乾いた喉から押し出すようにして、ようやく出た。
蓮司は少し笑った。
「そうか。じゃあ、見えなかっただけかもな」
そう言いながら、机に手を置く。
その仕草が妙に静かで、
まるで、傷の位置を確認するようだった。
「……痛い?」
唐突にそう言われて、遥は一瞬だけ顔を上げた。
蓮司の声はやさしかった。
だからこそ、逃げられなかった。
「痛い、って言っていいか分かんない」
「どうして」
「言ったら、また誰かが、理由を聞くから」
蓮司の目が細くなる。
それは笑みでも、哀れみでもなかった。
ただ、観察する目。
「……なるほど。

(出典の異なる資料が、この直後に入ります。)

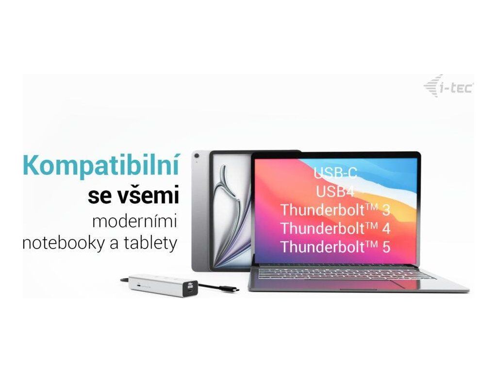 Hub je kompatibilní se zařízeními s porty USB-C, USB4 nebo Thunderbolt 3, 4 či 5. Pro využití funkce Power Delivery a video výstupu je nutná podpora těchto technologií na straně zařízení.
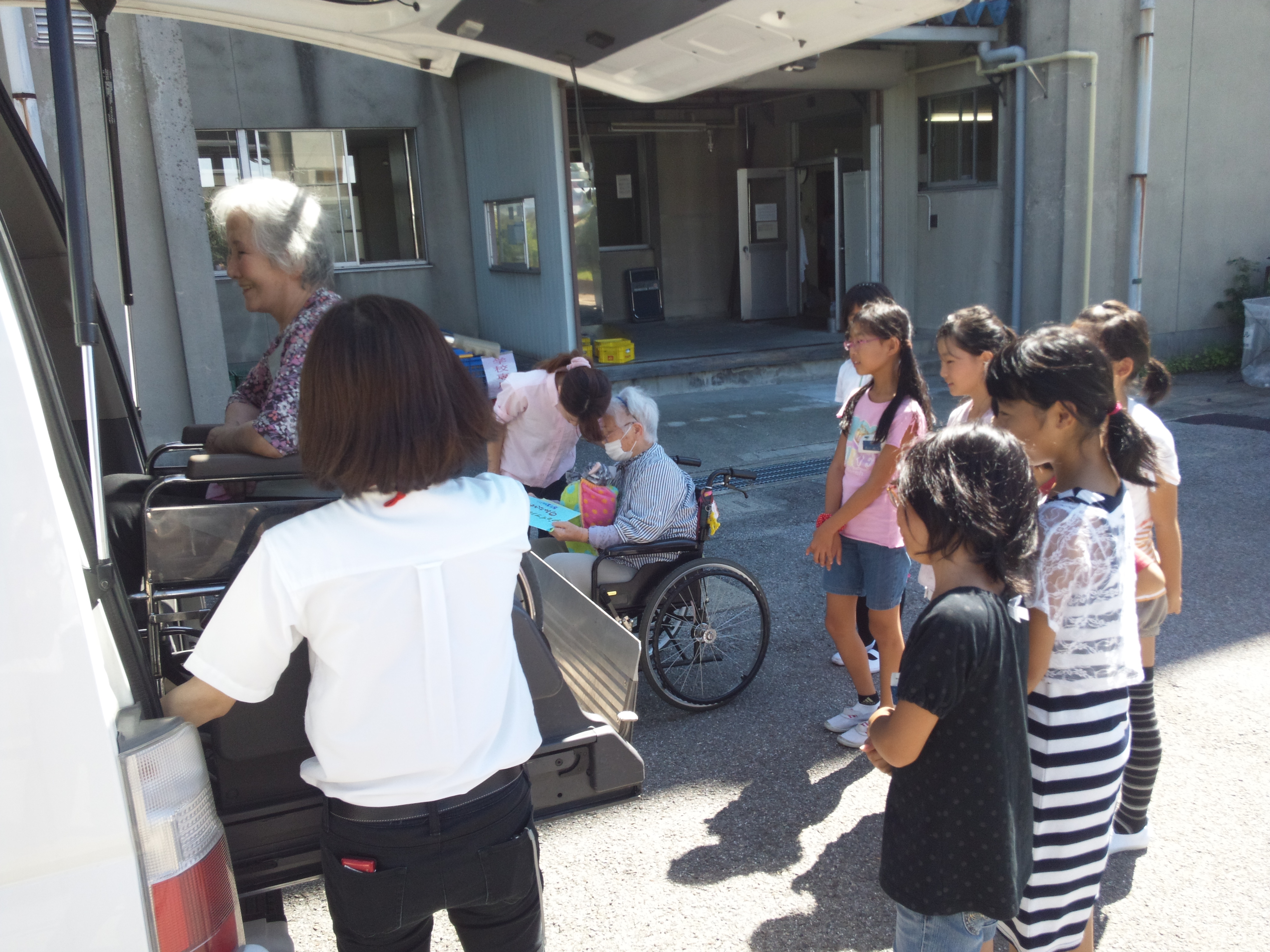 子ども達は、利用者の方々が施設の車に乗ってお見送りまでしていただき、利用者の方々から「ありがとう、ありがとう」と言葉をいただきました。

まだ、よく分かってないんだな」
「分かってる」
声が震える。
「壊れないようにしてるだけ」
蓮司は、ゆっくりと頷いた。
「壊れないように、ね。いい言葉だ」
少し間をおいて、机の上に置いた手でペンを転がした。
コト、と小さく音がした。
「今日も、来るんだよな」
「……うん」
「偉いな。お前がいないと、始まらないから」
その言葉は、昨日と同じだった。
けれど今日は、少し違う響きで胸に沈む。
“命令”ではなく、“確認”のように。
遥は小さく笑った。
「……知ってる。
俺がいなくなったら、困るんだろ」
「困るよ」
蓮司は穏やかに言った。
「お前がいないと、誰も自分を見なくなるから」
沈黙。
外のチャイムが鳴る。
ざわめく声の中で、蓮司の手がゆっくりと離れる。
その瞬間、遥は小さく息を吸い、
喉の奥でかすかに呟いた。
「……痛いって言ったら、楽になるのかな」
蓮司は微かに笑った。
「楽にはならない。でも、続けられる」
遥は視線を落とし、指先を握りしめた。
もう痛みの意味が分からない。
けれど、“それでも続く”という言葉だけが、
奇妙に現実味を持って胸に残った。
チャイムが止まり、授業が始まる。
そのとき、
遥の腹の奥で、昨夜の鈍い痛みが静かに熱を放った。
──まだ、生きている。
その確かさだけが、唯一の証だった。